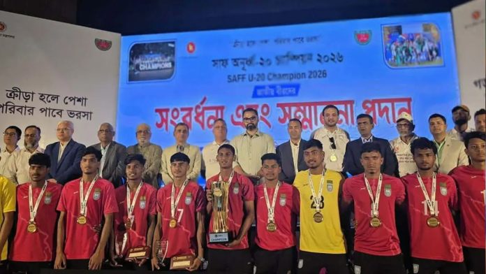 অনুষ্ঠানে প্রধান অতিথি হিসেবে উপস্থিত থেকে যুব ও ক্রীড়া প্রতিমন্ত্রী মো. আমিনুল হক সাফজয়ী দলের ফুটবলার ও কোচিং স্টাফদের প্রত্যেককে এক লাখ টাকার চেক প্রদান করেন। এছাড়া ২৩ জন ফুটবলারকে দেয়া হয় বিশেষ ক্রীড়া ভাতা কার্ড।
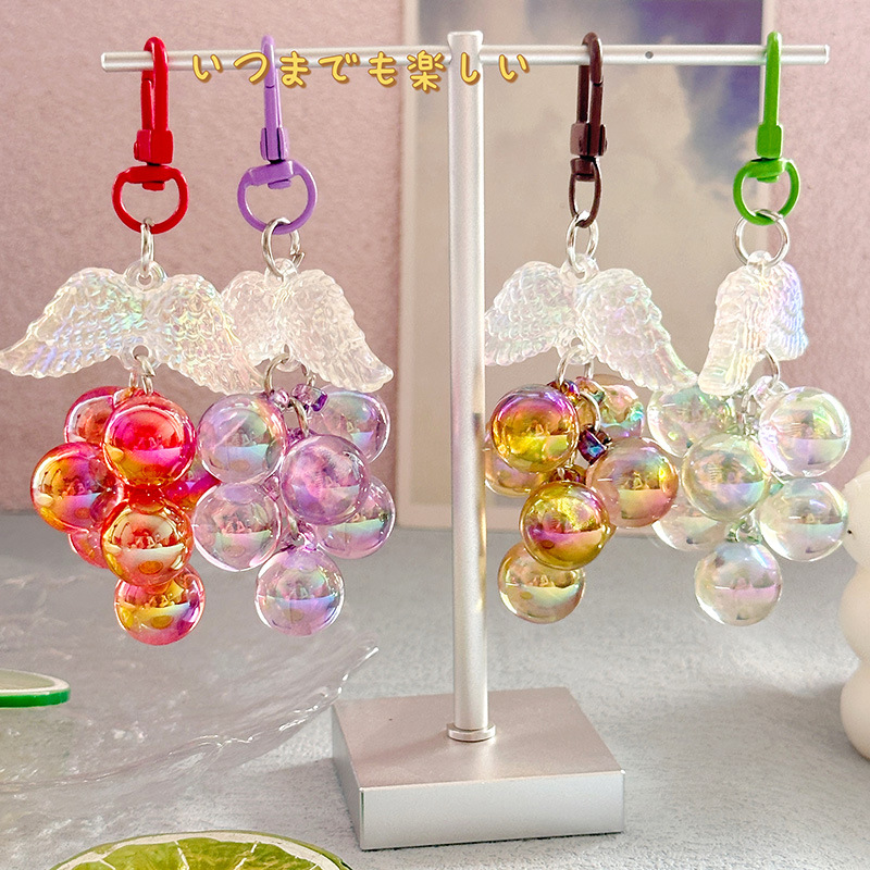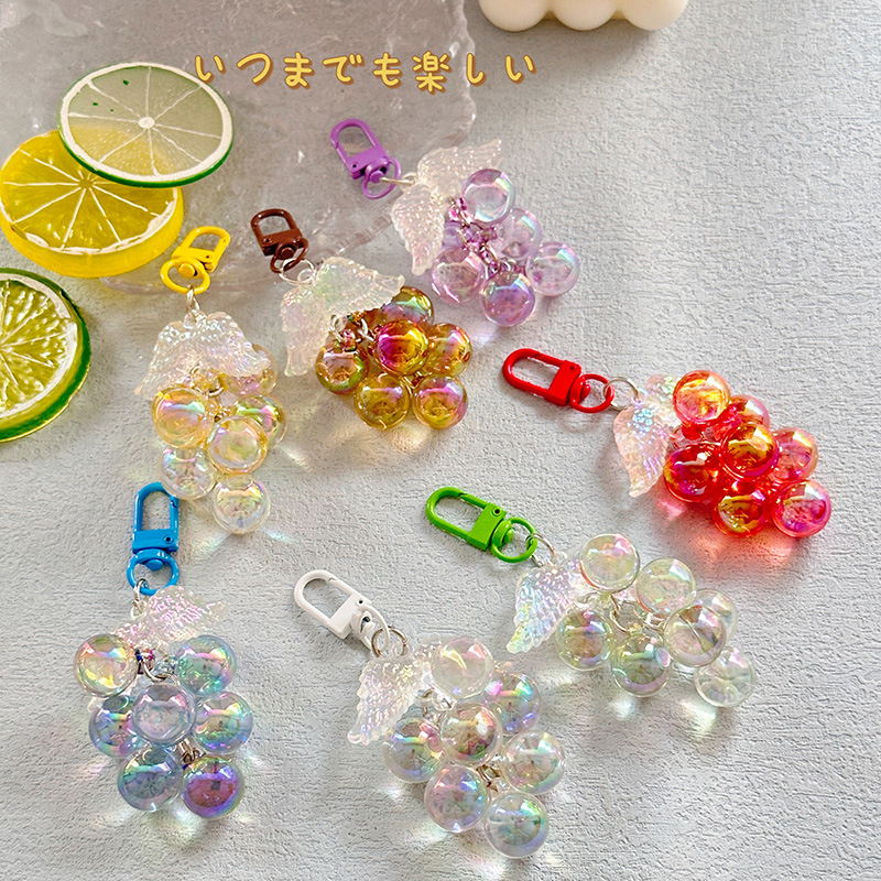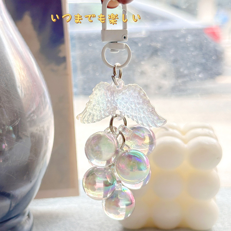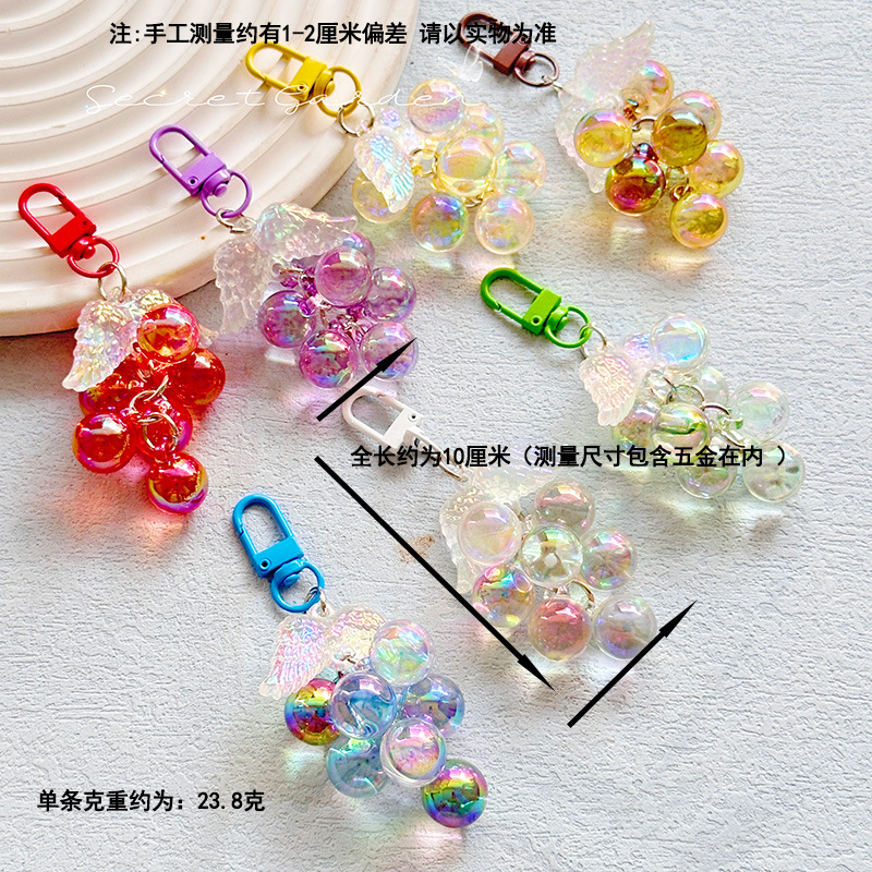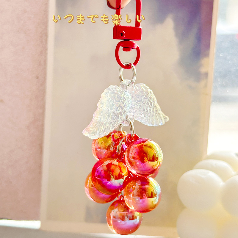 Small Wings Grape String Pendant Beaded Short Mobile Phone Chain Color Keychain Bag Hanging Jewelry Student Gift Wholesale
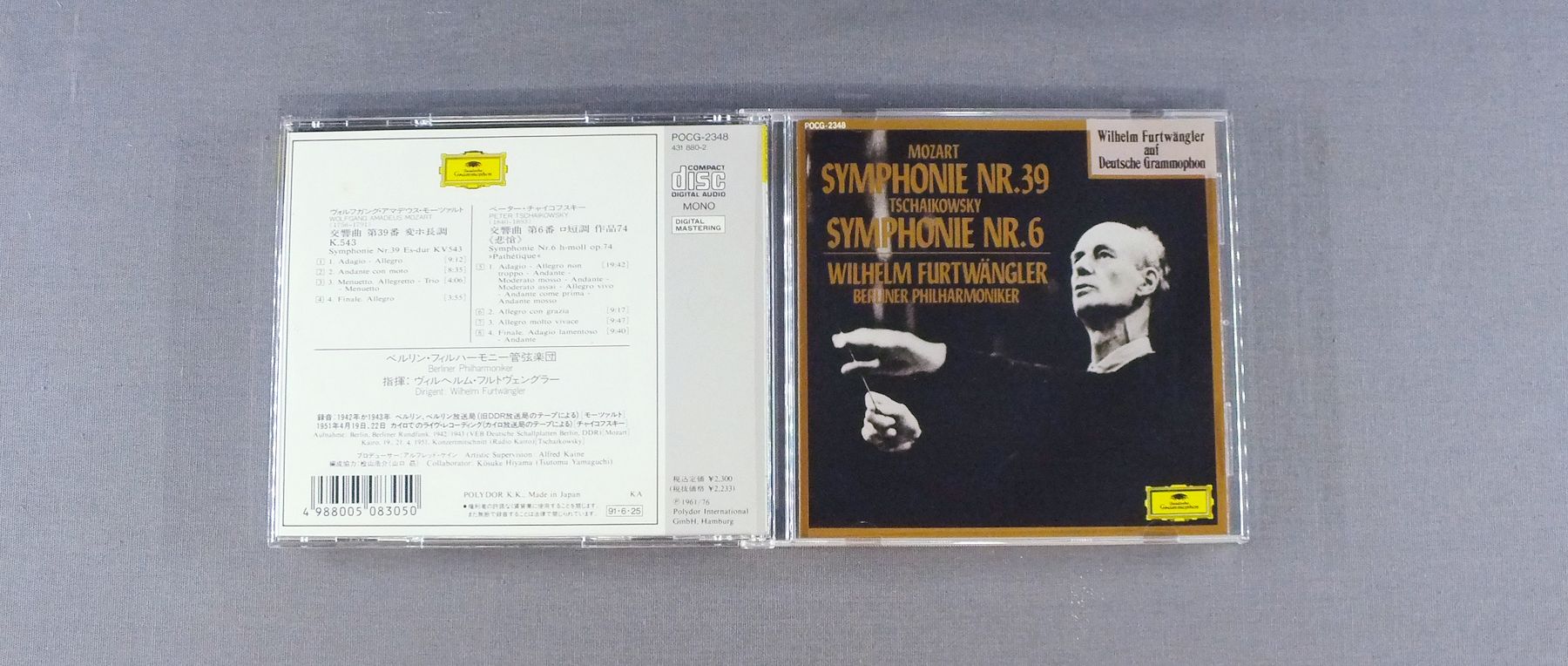 FURTWANGLERフルトヴェングラー/MOZART-SYM. NR39-TCHAIKOWSKY- SYM. NR6モーツァルト-交響曲 第39番-チャイコフスキー-交響曲 第6番 POCG2348 製造国:日本盤 / Media:CD外観:EX盤の状態:EX- 価格(税込):¥880 送料 7inch:定形外郵便 360円~LP:定形外郵便 660円~送料は、注文の最終画面で確認頂けます。 > > FURTWANGLER/MOZART-SYM. NR39-TCHAIKOWSKY- SYM. NR6 外観 (EX)特記事項:ブックレット裏表紙によごれ少し有り。ケース底のカードにシミがすこし。外観EXの共通説明:ダメージが限定的。中古品としては保存状態がよい方。シミ、ヨゴレ、スレ 少し~軽度。 盤の状態 (EX-)特記事項:薄いスリキズが少しありますが、全体的には多くは無いです。微細な感じなものが中心。盤EX-の共通説明:盤面のスリキズが多少有り。音に出そうなものは殆ど無いように見える~さほど気にならないぐらいの軽いプチ数カ所程度。 Tweet それぞれの画像をクリックすると、大きい写真が見られます こちらの商品もお勧めです 1,540円 ASHKENAZY - SOLTI - CHICAGO SYMPHONY ORCHESTRAアシュケナージ - ショルティ - シカゴ交響楽団 / BEETHOVEN - PIANO CONCERTO NO3ベートーヴェン - ピアノ協奏曲第3番 1,540円 WALTER - COLUMBIA SYMPHONY ORCHESTRAワルター - コロンビア交響楽団 / MAHLER - SYMPHONY NO1マーラー交響曲第1番 990円 STERN - ORMANDY - THE PHILADERPHIA ORCH.スターン - オーマンディ - フィラデルフィア管弦楽団 / BRAHMS - VIOLIN CONCERTOブラームス - ヴァイオリン協奏曲 1,760円 FLAMIG - DRESDNER PHILHARMONIEフレーミッヒ - ドレスデン・フィルハーモニー / BACH - MESSEN バッハ - ミサ曲 1,650円 KRAJAN + PHILHARMONIA ORCHESTRA / STEREO SHOWPIECIES FOR ORCHESTRA 3 LP BOX SET 1,760円 RICHTER - KARAJAN - WIENNA PHILHARMONICリヒター - カラヤン - ウィーン・フィル / TCHAIKOVSKY - CONCERT NO1 FOR PIANO AND ORCHESTRAチャイコフスキー - ピアノとオーケストラのための協奏曲第1番 990円 WEISSSENBERG - GIULINI - WIENER SYMPHONYワイセンベルク - ジュリーニ - ウィーン交響楽団 / MOZART - PIANO CINCERTO NO.9モーツァルト - ピアノ協奏曲第9番 990円 WIENNA PHILHARMONIC WIND GROUPウィーン・フィルハーモニー管弦楽団グループ / MOZART - DIVERTOMENTO モーツァルト - 喜遊曲
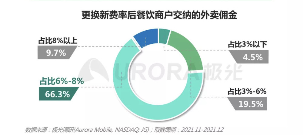 但商家担心的还是佣金问题,佣金如果过高,开拓外卖业务费力不讨好,好在费率透明化改革,缓和了商家和平台的冲突。根据《2021餐饮外卖商户研究报告》显示,平台实行费率改革后,在已更换新费率的餐饮外卖商户中,90.3%的商户表示向平台交纳的佣金低于8%,其中66.3%的商户佣金交纳比例在6%-8%区间中。
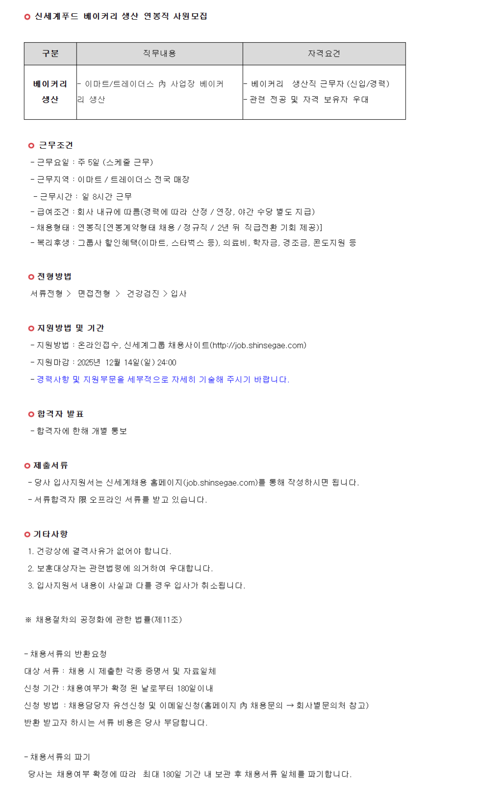 (ÁÖ)½Å¼¼°èǪµå º£ÀÌÄ¿¸® »ý»ê ¿¬ºÀÁ÷ »ç¿ø¸ðÁý
^^^^
:: TASK DIRECTIONS ::
Your answer should be every line above, written out exactly, with no pictures.

:: RESULT OF THIS TASK ::
 অনুষ্ঠানে প্রধান অতিথি হিসেবে উপস্থিত থেকে যুব ও ক্রীড়া প্রতিমন্ত্রী মো. আমিনুল হক সাফজয়ী দলের ফুটবলার ও কোচিং স্টাফদের প্রত্যেককে এক লাখ টাকার চেক প্রদান করেন। এছাড়া ২৩ জন ফুটবলারকে দেয়া হয় বিশেষ ক্রীড়া ভাতা কার্ড।
 Small Wings Grape String Pendant Beaded Short Mobile Phone Chain Color Keychain Bag Hanging Jewelry Student Gift Wholesale
 FURTWANGLERフルトヴェングラー/MOZART-SYM. NR39-TCHAIKOWSKY- SYM. NR6モーツァルト-交響曲 第39番-チャイコフスキー-交響曲 第6番 POCG2348 製造国:日本盤 / Media:CD外観:EX盤の状態:EX- 価格(税込):¥880 送料 7inch:定形外郵便 360円~LP:定形外郵便 660円~送料は、注文の最終画面で確認頂けます。 > > FURTWANGLER/MOZART-SYM. NR39-TCHAIKOWSKY- SYM. NR6 外観 (EX)特記事項:ブックレット裏表紙によごれ少し有り。ケース底のカードにシミがすこし。外観EXの共通説明:ダメージが限定的。中古品としては保存状態がよい方。シミ、ヨゴレ、スレ 少し~軽度。 盤の状態 (EX-)特記事項:薄いスリキズが少しありますが、全体的には多くは無いです。微細な感じなものが中心。盤EX-の共通説明:盤面のスリキズが多少有り。音に出そうなものは殆ど無いように見える~さほど気にならないぐらいの軽いプチ数カ所程度。 Tweet それぞれの画像をクリックすると、大きい写真が見られます こちらの商品もお勧めです 1,540円 ASHKENAZY - SOLTI - CHICAGO SYMPHONY ORCHESTRAアシュケナージ - ショルティ - シカゴ交響楽団 / BEETHOVEN - PIANO CONCERTO NO3ベートーヴェン - ピアノ協奏曲第3番 1,540円 WALTER - COLUMBIA SYMPHONY ORCHESTRAワルター - コロンビア交響楽団 / MAHLER - SYMPHONY NO1マーラー交響曲第1番 990円 STERN - ORMANDY - THE PHILADERPHIA ORCH.スターン - オーマンディ - フィラデルフィア管弦楽団 / BRAHMS - VIOLIN CONCERTOブラームス - ヴァイオリン協奏曲 1,760円 FLAMIG - DRESDNER PHILHARMONIEフレーミッヒ - ドレスデン・フィルハーモニー / BACH - MESSEN バッハ - ミサ曲 1,650円 KRAJAN + PHILHARMONIA ORCHESTRA / STEREO SHOWPIECIES FOR ORCHESTRA 3 LP BOX SET 1,760円 RICHTER - KARAJAN - WIENNA PHILHARMONICリヒター - カラヤン - ウィーン・フィル / TCHAIKOVSKY - CONCERT NO1 FOR PIANO AND ORCHESTRAチャイコフスキー - ピアノとオーケストラのための協奏曲第1番 990円 WEISSSENBERG - GIULINI - WIENER SYMPHONYワイセンベルク - ジュリーニ - ウィーン交響楽団 / MOZART - PIANO CINCERTO NO.9モーツァルト - ピアノ協奏曲第9番 990円 WIENNA PHILHARMONIC WIND GROUPウィーン・フィルハーモニー管弦楽団グループ / MOZART - DIVERTOMENTO モーツァルト - 喜遊曲
 但商家担心的还是佣金问题,佣金如果过高,开拓外卖业务费力不讨好,好在费率透明化改革,缓和了商家和平台的冲突。根据《2021餐饮外卖商户研究报告》显示,平台实行费率改革后,在已更换新费率的餐饮外卖商户中,90.3%的商户表示向平台交纳的佣金低于8%,其中66.3%的商户佣金交纳比例在6%-8%区间中。
 (ÁÖ)½Å¼¼°èǪµå º£ÀÌÄ¿¸® »ý»ê ¿¬ºÀÁ÷ »ç¿ø¸ðÁý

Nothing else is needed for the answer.